**WORK REQUIRED:** From the records that follow, return exactly the lines beginning at the one that contains "瑞士-姬姆薩染色液 (A液) 4x250ml C220808" and ending at the one that contains "方向盤轉(zhuǎn)角傳感器的輸出為正", pictures left out.

■ ■ ■ ■ ■

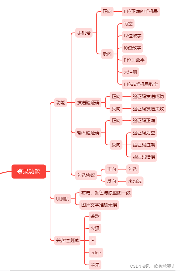 编写测试用例时,正向用例一次可以覆盖多个正向的测试点,反向测试用例一次只能有一个反向测试点(类似于控制变量,每一个用例只能有一个不符合需求的点,如果反向测试点不单一那就说明不了是其中的哪个点有问题)。
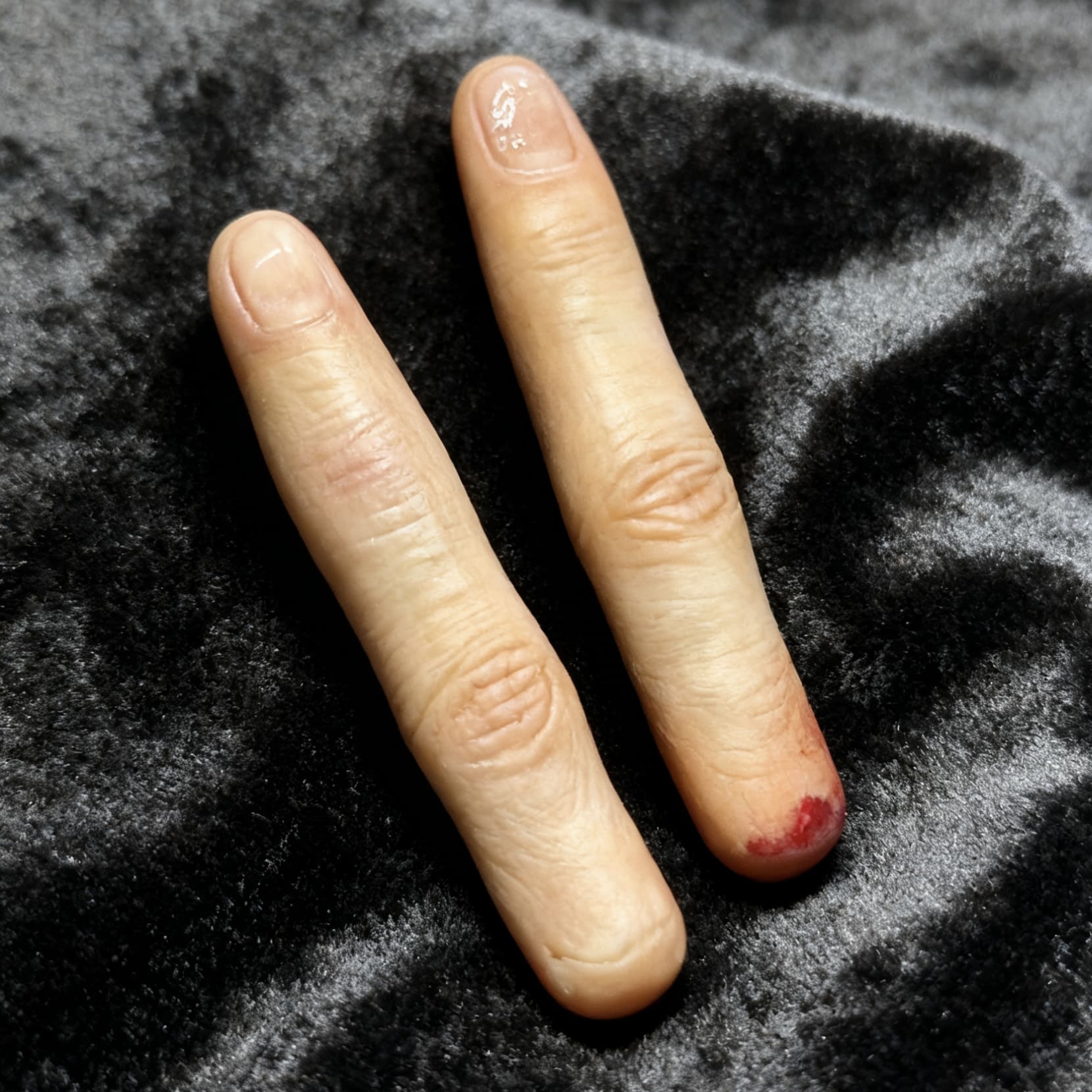 The finger is handcrafted from high-density clay and eco-friendly resin. Its surface is painted and finished with acrylic paints, pigments, and a clear protective coating. The hand-painted skin tone gradients and blood effects give it a highly realistic look and durability.
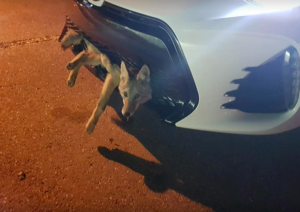Knox heard the crunch and knew right away that she had struck a coyote. Because of the impact and the sound, Knox thought she ran over and killed the critter.
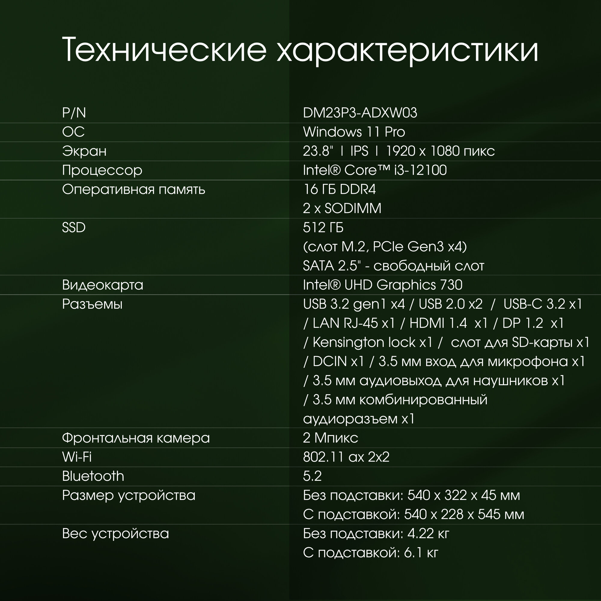 Моноблок Digma Pro Unity 23.8" Core i3 12100 16/512Гб UHD Graphics 730 Windows 11 Pro интересное:
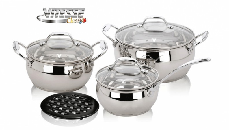 Набор посуды от известной французской марки Vitesse, прекрасно подойдет для использования как на газовых и электрических,так и на индукционных и керамических плитах. Так же данный набор пригоден к использованию в посудомоечных машинах.
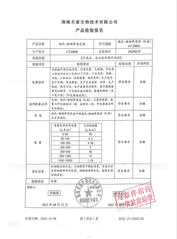 瑞士-姬姆薩染色液 (A液) 4x250ml C220808
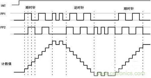 方向盤轉(zhuǎn)角傳感器的輸出為正交編碼脈沖。正交編碼脈沖包含兩個脈沖序列,有變化的頻率和四分之一周期(90°)的固定相位偏移,如圖1所示。通過檢測2路信號的相位關(guān)系可以判斷為順時針方向和逆時針方向,并據(jù)此對信號進(jìn)行加/減計數(shù),從而得到當(dāng)前的計數(shù)累計值,也即方向盤的絕對轉(zhuǎn)角,而轉(zhuǎn)角的變化率即角速度,則可通過信號頻率測出。另外,方向盤轉(zhuǎn)角傳感器有一個零位輸出信號,當(dāng)方向盤在中間位置時,該信號輸出0V,否則輸出5V,通過該信號,可對絕對轉(zhuǎn)角進(jìn)行在線校準(zhǔn)。
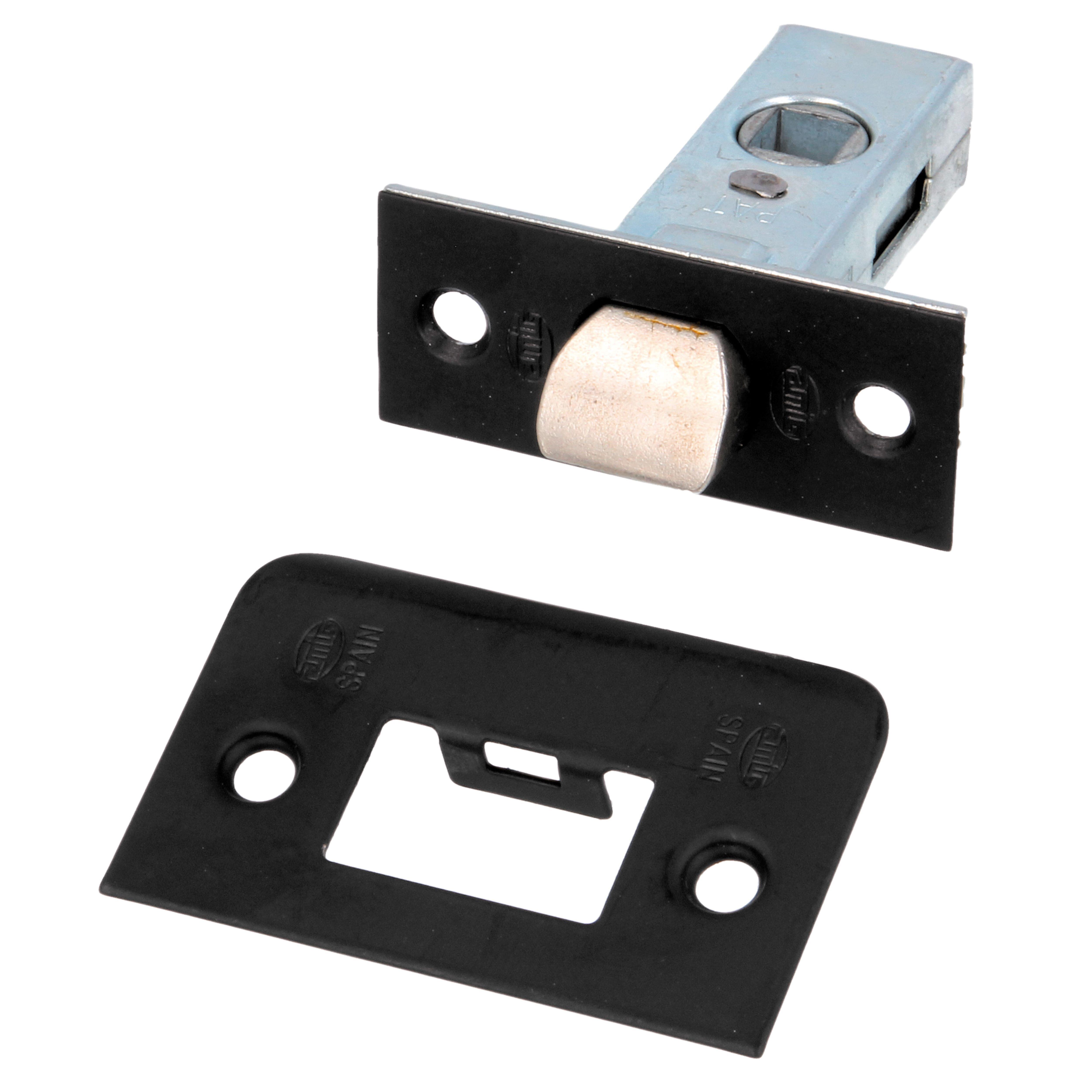 Picaporte tubular con canto recto de 45 mm realizado en acero y acabado en negro. Soporte de 57 mm

■ ■ ■ ■ ■

**TASK OUTPUT:**
 瑞士-姬姆薩染色液 (A液) 4x250ml C220808
 方向盤轉(zhuǎn)角傳感器的輸出為正交編碼脈沖。正交編碼脈沖包含兩個脈沖序列,有變化的頻率和四分之一周期(90°)的固定相位偏移,如圖1所示。通過檢測2路信號的相位關(guān)系可以判斷為順時針方向和逆時針方向,并據(jù)此對信號進(jìn)行加/減計數(shù),從而得到當(dāng)前的計數(shù)累計值,也即方向盤的絕對轉(zhuǎn)角,而轉(zhuǎn)角的變化率即角速度,則可通過信號頻率測出。另外,方向盤轉(zhuǎn)角傳感器有一個零位輸出信號,當(dāng)方向盤在中間位置時,該信號輸出0V,否則輸出5V,通過該信號,可對絕對轉(zhuǎn)角進(jìn)行在線校準(zhǔn)。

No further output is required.